Reference is made to that certain Indenture, dated as of December 4, 2014 (the “Joining First Lien Indenture”), among the Company, the Subsidiary Guarantors (as defined in the Joining First Lien Indenture) party thereto, Wilmington Trust, National Association, as trustee thereunder (the “Trustee”) and Wilmington Trust, National Association (the “Joining First Lien Note Agent”), as collateral agent for the Holders (as defined in the Joining First Lien Indenture), the Trustee and the other secured parties under the Joining First Lien Indenture and the Note Security Documents (as defined in the Joining First Lien Indenture) (such Holders, Trustee and other secured parties, the “Joining First Lien Noteholder Secured Parties”).
The Joining First Lien Note Agent, for itself and on behalf of the Joining First Lien Noteholder Secured Parties, hereby agrees with the Company and the other Grantors, the First Lien Note Agent and any other Additional Agent party to the Intercreditor Agreement as follows:
Section 1. Agreement to be Bound. The Joining First Lien Note Agent, for itself and on behalf of the Joining First Lien Noteholder Secured Parties, hereby agrees to be bound by the terms and provisions of the Intercreditor Agreement and shall, as of the date hereof, be deemed to be a party to the Intercreditor Agreement as the First Lien Note Agent. As of the date hereof, the Joining First Lien Indenture shall be deemed the First Lien Indenture under the Intercreditor Agreement, and the obligations thereunder are subject to the terms and provisions of the Intercreditor Agreement.
Section 2. Notices. Notices and other communications provided for under the Intercreditor Agreement to be provided to the Joining First Lien Note Agent shall be sent to the address set forth on Annex 1 attached hereto (until notice of a change thereof is delivered as provided in Section 7.5 of the Intercreditor Agreement).

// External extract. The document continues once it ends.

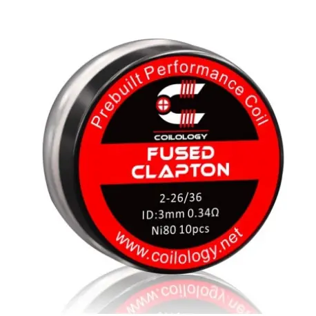 PACK 10 FUSED CLAPTON COILOLOGY Les résistances pré montées Fused Clapton de la marque Coilology vous apporteront une puissance plus rapide et une production de vapeur maximale ! La boîte de coils NI80 en 0.34 ohm ou 0.46 ohm vous permettra de confectionner en toute confiance vos résistances prémontées.Coilology est une marque chinoise spécialisée en coil et en fil résistif Wire pour atomiseurs reconstructibles RDA et RTA. Fiables et résistants, les prebuilt coils Clapton vous surprendront par leur longévité. Ces résistances NI80 sont destinées aux vapoteurs expérimentés.

Section 3. Miscellaneous. THIS JOINDER SHALL BE CONSTRUED AND ENFORCED IN ACCORDANCE WITH AND GOVERNED BY THE LAW OF THE STATE OF NEW YORK WITHOUT REFERENCE TO ITS CONFLICT OF LAWS PRINCIPLES TO THE EXTENT THAT THE SAME ARE NOT MANDATORILY APPLICABLE BY STATUTE AND WOULD PERMIT OR REQUIRE THE APPLICATION OF LAWS OF ANOTHER JURISDICTION.
[Signature pages follow]
IN WITNESS WHEREOF, the Term Agent, for and on behalf of itself and the Term Creditors, the First Lien Note Agent, for and on behalf of itself and the First Lien Noteholder Secured Parties, the Second Lien Note Agent, for and on behalf of itself and the Second Lien Noteholder Secured Parties and the Joining First Lien Note Agent, for and on behalf of itself and the Joining First Lien Noteholder Secured Parties, have caused this Joinder to be duly executed and delivered as of the date first above written.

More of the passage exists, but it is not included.